Browser launch failures

Problem:

playwright._impl._api_types.Error: Executable doesn't exist

Browser closed unexpectedly

Cause: Playwright browser binaries not installed.Solution:Install Chromium browser:

python -m playwright install chromium

On Linux, also install system dependencies:

python -m playwright install-deps chromium

Verify installation:

python -m playwright install --help
# Should show available browsers including chromium

Alternative - use system Chromium:Edit property_bot/settings.py:

PLAYWRIGHT_LAUNCH_OPTIONS = {
    "headless": True,
    "executable_path": "/usr/bin/chromium-browser",  # Adjust path
}

Empty or partial field extraction

Problem: Many fields are empty or missing in output CSV:

bedrooms, bathrooms, price are NaN
amenities is empty []
description is blank

Cause: Target site HTML structure changed, CSS selectors no longer match.Diagnosis:

Visit a listing URL manually and inspect HTML
Check if selectors still match:

Jiji selectors (in jiji_listing.py:72-144):

# Title
"h1 div::text, .b-advert-title-outer h1::text"

# Location  
".b-advert-info-statistics--region::text"

# Price
".b-alt-advert-price-wrapper span.qa-advert-price-view-value::text"

# Properties
".b-advert-attribute"

# Amenities
".b-advert-attributes__tag"

# Description
".qa-description-text::text"

Meqasa selectors (in meqasa_listing.py:77-102):

# Title
"h1::text"

# Price
".price-wrapper > div:nth-child(1)::text"

# Details table
"table.table tr"

# Description
".description p::text"

Solution:Update CSS selectors in spider files:

Open browser DevTools on target listing page
Find correct selectors for each field
Update spider parse methods with new selectors
Test with single URL:

scrapy shell "https://jiji.com.gh/..."
>>> response.css("YOUR_NEW_SELECTOR::text").get()

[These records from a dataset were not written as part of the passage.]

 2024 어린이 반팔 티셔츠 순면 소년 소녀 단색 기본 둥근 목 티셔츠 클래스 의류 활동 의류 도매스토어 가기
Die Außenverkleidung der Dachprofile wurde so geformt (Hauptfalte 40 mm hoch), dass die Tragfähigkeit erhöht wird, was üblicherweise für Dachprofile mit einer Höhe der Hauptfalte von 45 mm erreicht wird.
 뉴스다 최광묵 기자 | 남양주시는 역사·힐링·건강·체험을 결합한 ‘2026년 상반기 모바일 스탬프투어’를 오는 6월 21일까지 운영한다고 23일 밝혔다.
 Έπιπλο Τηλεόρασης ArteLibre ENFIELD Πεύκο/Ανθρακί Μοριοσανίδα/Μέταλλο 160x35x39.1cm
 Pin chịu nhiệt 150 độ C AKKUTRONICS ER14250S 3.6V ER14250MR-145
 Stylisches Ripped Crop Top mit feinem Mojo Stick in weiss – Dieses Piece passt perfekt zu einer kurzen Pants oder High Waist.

Example fix for Jiji price selector:

# Old selector (stopped working)
price = response.css(".qa-advert-price-view-value::text").get()

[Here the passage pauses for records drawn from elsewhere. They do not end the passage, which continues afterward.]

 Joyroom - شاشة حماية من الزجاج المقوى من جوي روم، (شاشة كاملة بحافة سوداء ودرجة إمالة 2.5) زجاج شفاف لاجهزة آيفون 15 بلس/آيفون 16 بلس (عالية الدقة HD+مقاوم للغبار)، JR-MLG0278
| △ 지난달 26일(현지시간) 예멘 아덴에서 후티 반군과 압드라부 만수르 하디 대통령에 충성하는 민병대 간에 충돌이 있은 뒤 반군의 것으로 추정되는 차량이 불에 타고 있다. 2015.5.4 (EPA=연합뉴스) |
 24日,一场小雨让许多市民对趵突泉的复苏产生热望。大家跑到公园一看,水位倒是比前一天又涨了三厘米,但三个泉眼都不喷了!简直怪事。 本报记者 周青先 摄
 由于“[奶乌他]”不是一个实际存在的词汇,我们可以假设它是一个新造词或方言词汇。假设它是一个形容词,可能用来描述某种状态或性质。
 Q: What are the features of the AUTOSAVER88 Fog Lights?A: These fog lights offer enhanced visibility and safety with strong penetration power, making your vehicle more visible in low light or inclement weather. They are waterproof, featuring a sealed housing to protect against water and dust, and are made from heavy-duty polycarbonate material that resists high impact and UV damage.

# Updated selector (inspect actual HTML)
price = response.css(".price-container .amount::text").get()

Dependency errors on install

Problem:

ERROR: Could not find a version that satisfies the requirement scrapy

error: externally-managed-environment

Cause:

Wrong Python version (need 3.12+)
System Python blocking pip install
Missing build dependencies

Solution:Check Python version:

python --version
# Should show Python 3.12.x or higher

Install with uv (recommended):

# Install uv if not already installed
curl -LsSf https://astral.sh/uv/install.sh | sh

# Sync dependencies
uv sync

Install with venv + pip:

python -m venv .venv
source .venv/bin/activate  # On Windows: .venv\Scripts\activate
pip install -e .

On Linux, install build dependencies:

# Ubuntu/Debian
sudo apt-get update
sudo apt-get install python3-dev build-essential libssl-dev libffi-dev

# Fedora/RHEL
sudo dnf install python3-devel gcc openssl-devel libffi-devel

Rate limiting or 403 errors

Problem:

HTTP 403 Forbidden

or many requests timing out after initial success.Cause:

Target site detecting bot traffic
Too many concurrent requests
Missing or blocked user agent

Solution:Reduce concurrency in property_bot/settings.py:

CONCURRENT_REQUESTS = 8  # Reduce from 16
CONCURRENT_REQUESTS_PER_DOMAIN = 4  # Reduce from 8
DOWNLOAD_DELAY = 2  # Increase from 0.5

Enable autothrottle (already enabled by default):

AUTOTHROTTLE_ENABLED = True
AUTOTHROTTLE_START_DELAY = 1
AUTOTHROTTLE_MAX_DELAY = 10
AUTOTHROTTLE_TARGET_CONCURRENCY = 2.0

Verify user agent is set:

USER_AGENT = "Mozilla/5.0 (Windows NT 10.0; Win64; x64) ..."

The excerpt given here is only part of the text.